Replacing the C3 convolution module in the backbone with the C3Ghost module reduced both the number of parameters and FLOPs, while simultaneously improving precision, recall, and mAP. The ablation experiment results revealed a minor decrease in mAP when the SE attention mechanism was incorporated alone, compared to the complete set of improvements.

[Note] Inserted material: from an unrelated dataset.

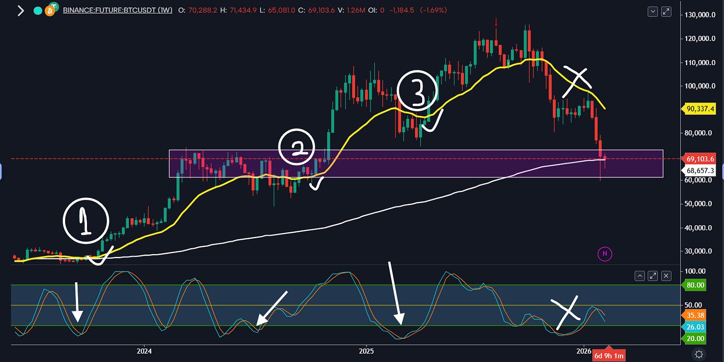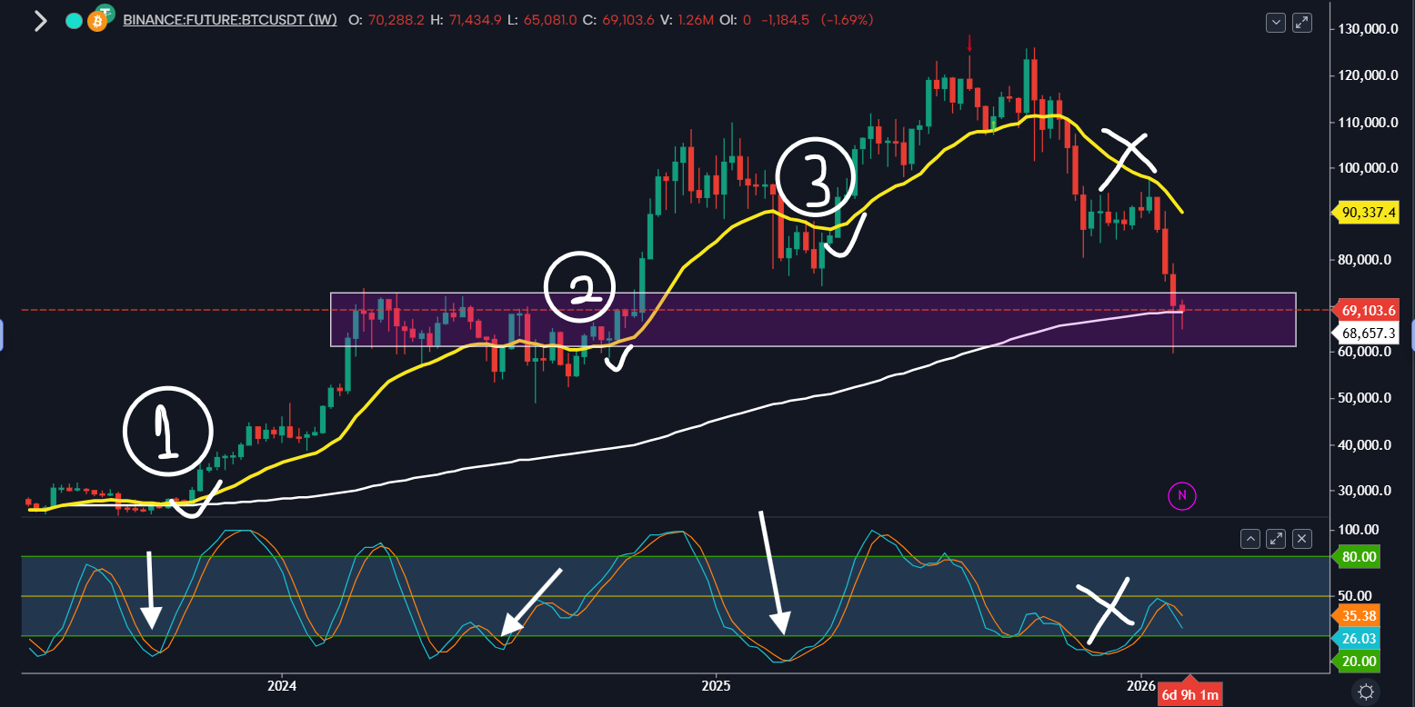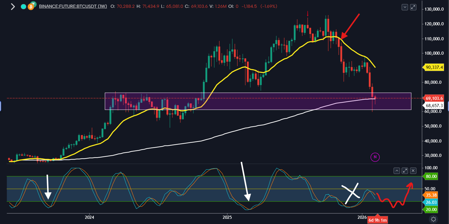 Note: Currently, due to the sharp decline from $110k in November 2025, we have lost both the 20-week and 200-week EMAs. This confirms we are in a bearish phase, not just a dip. Therefore, we now need to wait for the RSI to drop below that sub-8% level to signal a reversal before expecting a potential bottom. See the chart below.

However, Models 5 and 7 exhibited an increase in mAP. This could be due to the attention mechanism’s capacity to focus on important information with higher weights while suppressing irrelevant features, and dynamically adjusting attention weights during learning.

In conclusion, the ablation experiments demonstrate that combining the GIoU loss function, SE attention mechanism, and C3Ghost convolution module effectively optimizes the YOLOv8n model, striking a balance between reducing model complexity and enhancing recognition accuracy. Compared with the original YOLOv8n model, the enhanced version achieves a 42.93% reduction in parameters. It reduces FLOPs to 61.73% of the initial value while achieving 96.40% precision, 96.1% recall, and 96.8% mAP, thereby achieving lightweight optimization without compromising detection performance.

4.3.2. Comparison of Experimental Results Across Different Models

To compare the performance of the improved YOLOv8n model with other models, mainstream one-stage object detection algorithms, including YOLOv5n, YOLOv8n, YOLOv9n, YOLOv10n, YOLO11n, as well as the most recently proposed YOLOv12n model, were selected for comparative experiments. The experimental results are shown in Table 4.

As shown in Table 4, the YOLOv5n network model demonstrates the lowest AP, coupled with the highest parameter count and floating-point operations. Although this YOLOv9n model achieves a mAP of 95.8%, its frame rate is relatively low, limiting its applicability in high-real-time scenarios. Both the YOLOv10n and YOLO11n models perform excellently in terms of frame rate, but they still fall short of the improved YOLOv8n. Although YOLOv12n strikes a balanced performance between accuracy (96.1%) and speed (120.53 FPS), its number of parameters is 47.6% higher than that of the improved YOLOv8n; its computational cost (5.80 × 10⁹ FLOPs) is also 16% larger. This indicates that it remains less lightweight than the enhanced model.

The experimental results demonstrate that the optimized YOLOv8n model achieves superior recognition accuracy while maintaining a lightweight architecture. Given its low parameter count and reduced FLOPs, the model exhibits significant potential for real-time deployment on resource-constrained edge devices.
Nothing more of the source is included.